The Hildebrand Legacy Project was founded in 2004 by John Henry Crosby with the help of his father, Franciscan University professor John F. Crosby, Dr. Alice von Hildebrand and friend Anthony Gualandri as an initiative “to promote the thought and spirit of Dietrich Von Hildebrand by preserving his memory and disseminating his writings, especially in the English speaking world.”
As part of this effort, the project is holding a conference in Rome May 27-29, 2010 for the purpose of discussing Dietrich von Hildebrand's work, “The Nature of Love,” published in 2009 for the first time in English.
“Pope John Paul II famously wrote that 'Man cannot live without love,'” Crosby told CNA, going on to finish the quote, 'He remains a being that is incomprehensible for himself, his life is senseless, if love is not revealed to him, if he does not encounter love, if he does not experience it and make it his own, if he does not participate intimately in it.'
“If our conference has a premise,” he continued, “then there could be no better summary of it than these words of John Paul. For this very reason, the question of the nature of love is unavoidable.
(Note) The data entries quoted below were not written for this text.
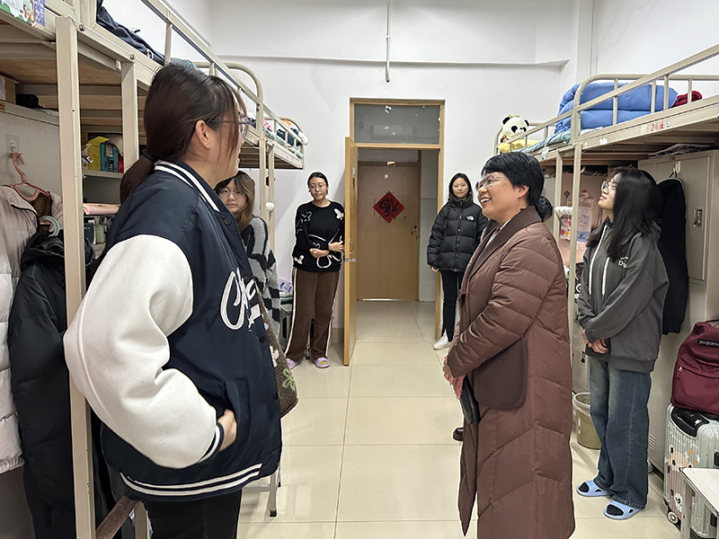 本网讯 为进一步落实领导干部联系班级制度,践行以学生为中心的理念,加强学生教育管理工作,引领学生健康成长,全面提高人才培养质量,12月29日下午,校党委委员、副校长赵卫红深入环境工程专业2023级1班学生宿舍走访慰问。
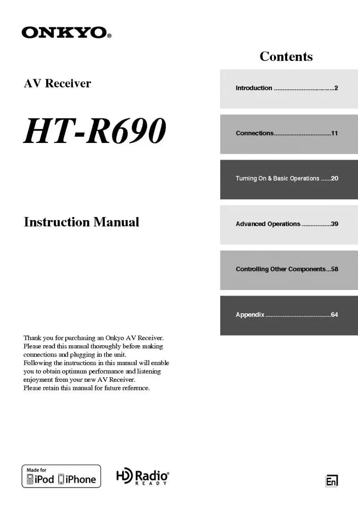 Onkyo Integra HT-R690 Receiver Owners Instruction Manual
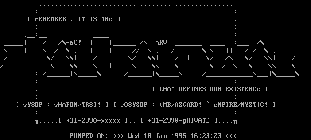 sYSOP : sHARON/TRSI! cOSYSOP : tMB/ASGARD! eMPIRE/MYSTIC!
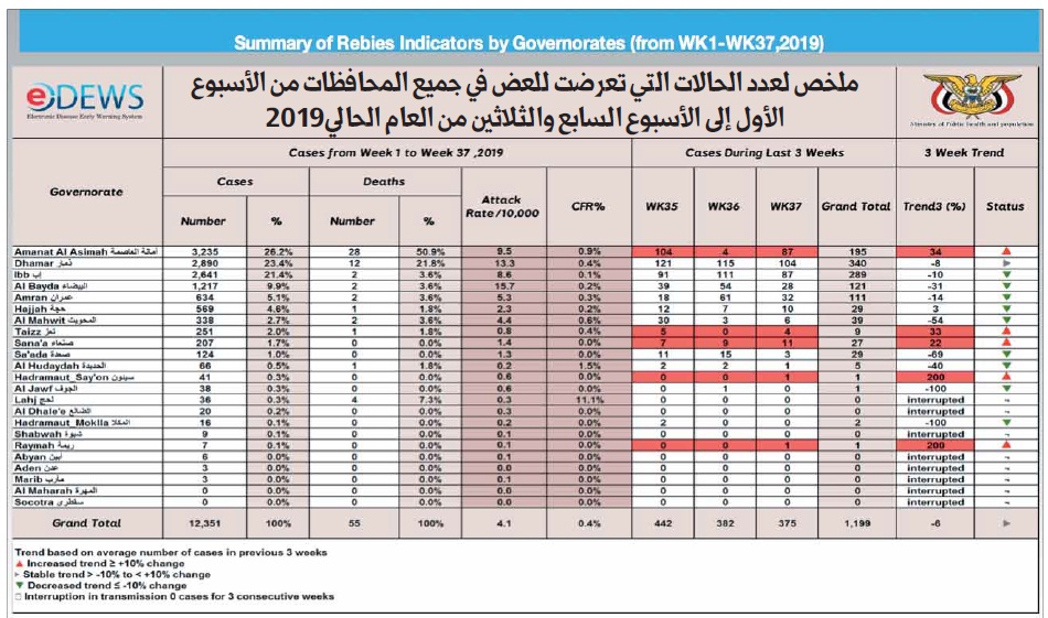 و كشف مدير عام البرنامج الوطني لمكافحة داء الكلب أن الإحصائيات التحليلية لبيانات البرنامج لتسع سنوات 2011-2019 تشير إلى أن عدد حالات الذين تعرضوا لداء الكلب خلال تسعة أعوام ( 2011 –2019) (96,674) بمتوسط يصل إلى 10,742 حالة في العام الواحد اي بمعدل حدوث 52 حالة لكل 100.000 من السكان في العام الواحد.
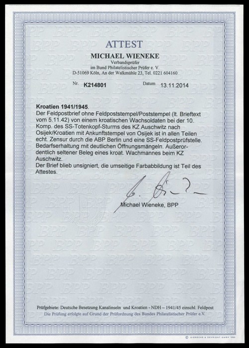 | Zusatzinformationen und Suchstichworte: | DBA Freiburg GmbH Los 1330200250 Kroatien Feldpostbrief ohne Feldpoststempel/Poststempel (lt. Brieftext vom 5.11.42) von einem kroatischen Wachsoldaten bei der 10. Komp. des SS-Totenkopf-Sturms des KZ Auschwitz nach Osijek/Kroatien mit Ankunftstempel von Osijek. Zensur durch die ABP Berlin und eine SS-Feldpostprüfstelle. Bedarfserhaltung mit deutlichen Öffnungsmängeln. Außerordentlich seltener Beleg eines kroat. Wachmannes beim KZ Auschwitz. Attest Wieneke BPP Festpreis 360,00 EUR |
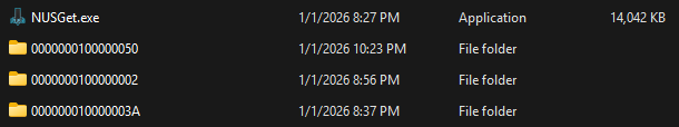 When you have finished the above steps, navigate to the folder where your NUSGet executable is stored. This should now contain three different folders with the title IDs for the downloaded IOS and Wii menu files.
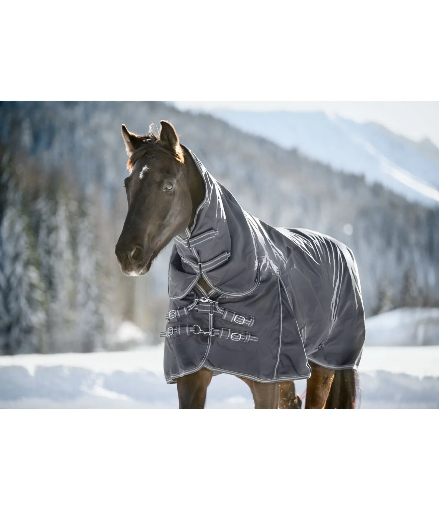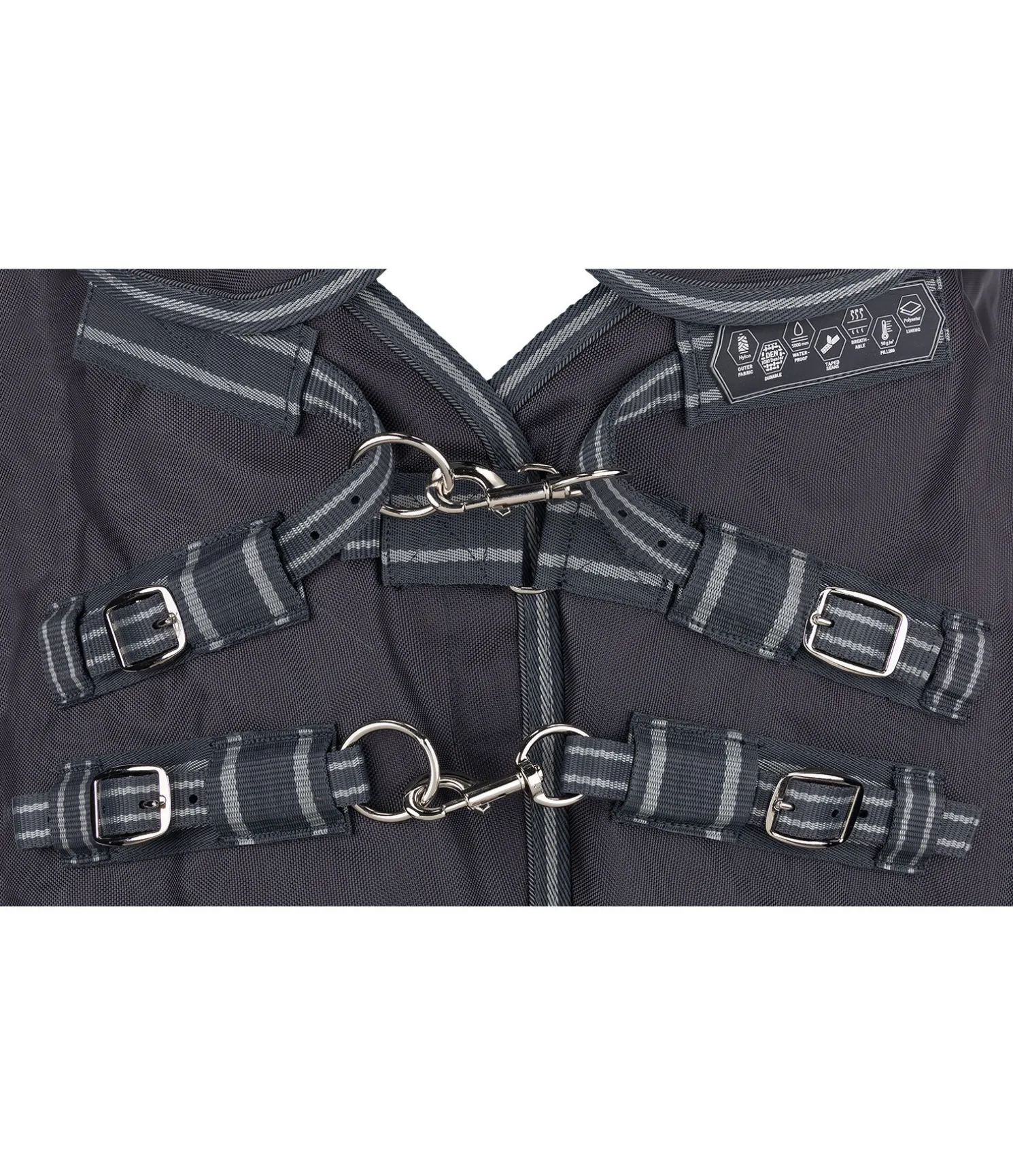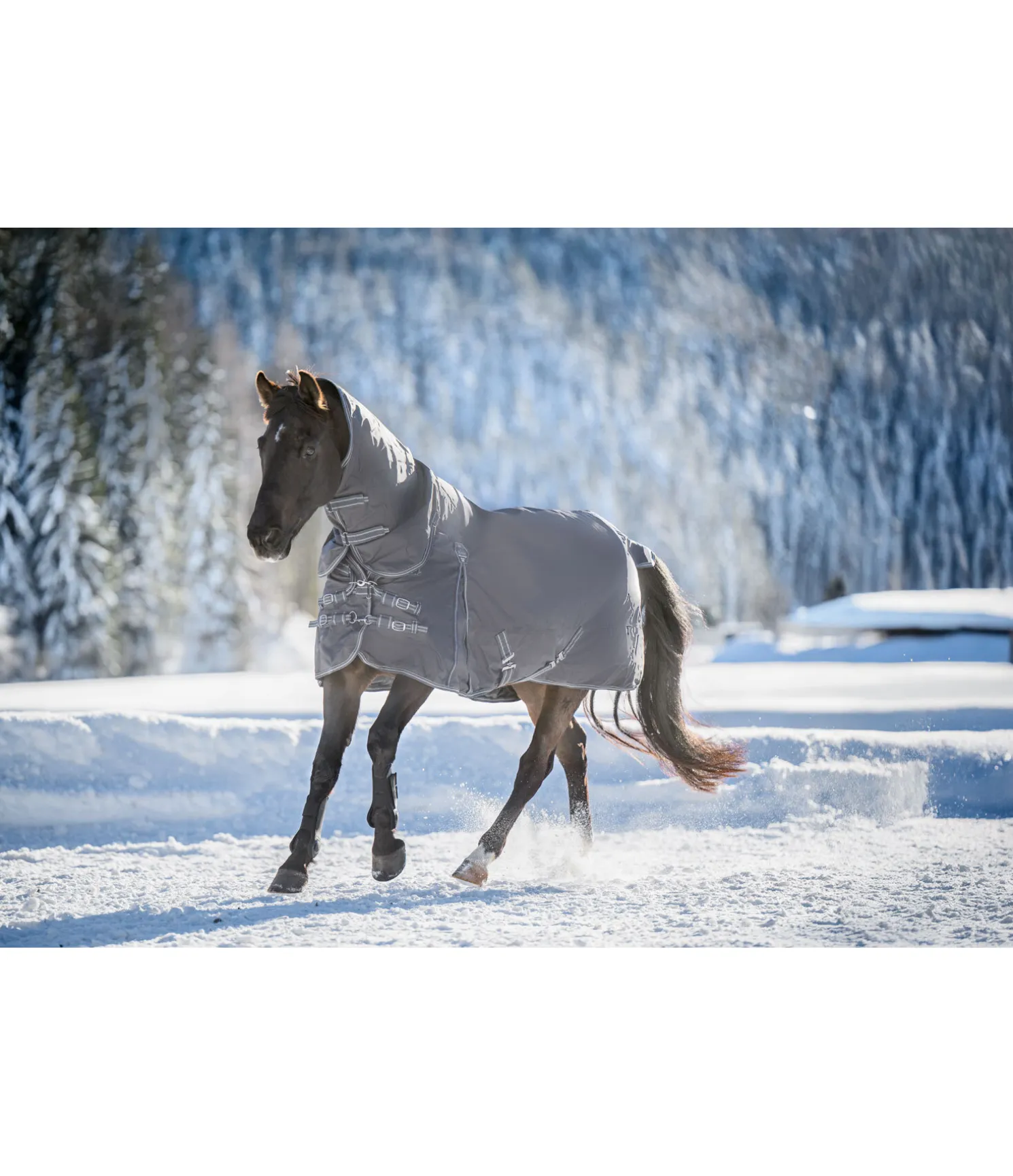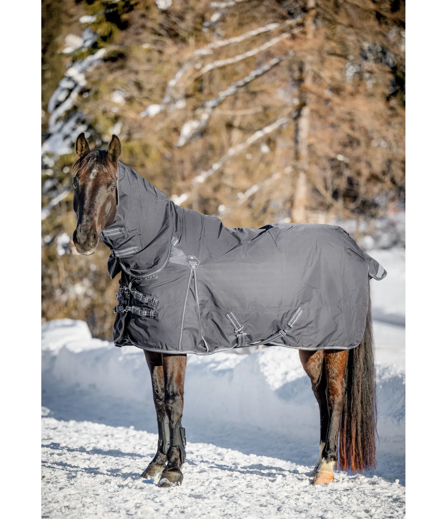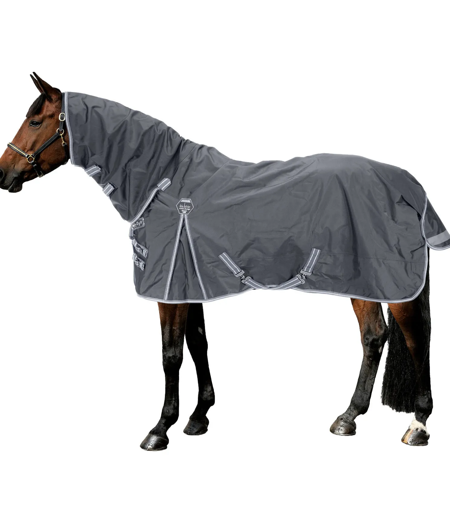 Couverture d’extérieur technique avec couvre-cou, particulièrement polyvalente et résistante à la déchirure. Matière nylon 1 680 deniers, très imperméable (5 000 mm), avec garnissage léger de 50 g et une très bonne respirabilité qui protège efficacement votre cheval contre les intempéries. Le couvre-cou est cousu à la couverture. Comparé au polyester, le nylon est nettement plus doux et soyeux et présente des reflets satinés. De plus, il est beaucoup plus extensible que le polyester ce qui lui donne une meilleure résistance à la déchirure. Les empiècements extensibles et très déperlants en softshell au niveau des épaules et de l’encolure et les grands plis d’aisance permettent une liberté de mouvement optimale et garantissent un ajustement parfait tout en permettant d’éviter les habituels points de pression. Rembourrage généreux pour minimiser davantage les points de pression au niveau du garrot. Fermeture de poitrail réglable équilibrée en 3 points, constituée de 2 mousquetons et de 2 anneaux ainsi que d’une patte auto-agrippante supplémentaire améliorée. Les mousquetons peuvent être facilement remplacés si nécessaire. Doublure lisse protégeant la robe. Sursangles croisées réglables et anneaux permettant la fixation de courroies de cuisses (non incluses). Courroie de queue réglable et rabat de queue avec bandes et passepoil réfléchissants sur le pourtour. Matière extérieure 100 % nylon, doublure 100 % polyester.

Love may be the most central human reality, that without which we cannot live, yet it is also enormously vulnerable to false conceptions.”
Anthony Gualandri, co-founder of the Hildebrand Legacy Project, told CNA that they are anticipating 300-500 people in attendance.
Pope Benedict XVI has taken an active interest in the Hildebrand Legacy Project, not only holding audiences in the past with John Henry Crosby and Alice von Hildebrand, the late philosopher's wife, but also giving a $45,000 Papal Foundation grant to the organization. Crosby has previously said that the Holy Father considers Dietrich von Hildebrand a voice of reason in an age that has largely despaired of reason.
The conference will be broadcast May 27-29 via their website www.hildebrandlegacy.org.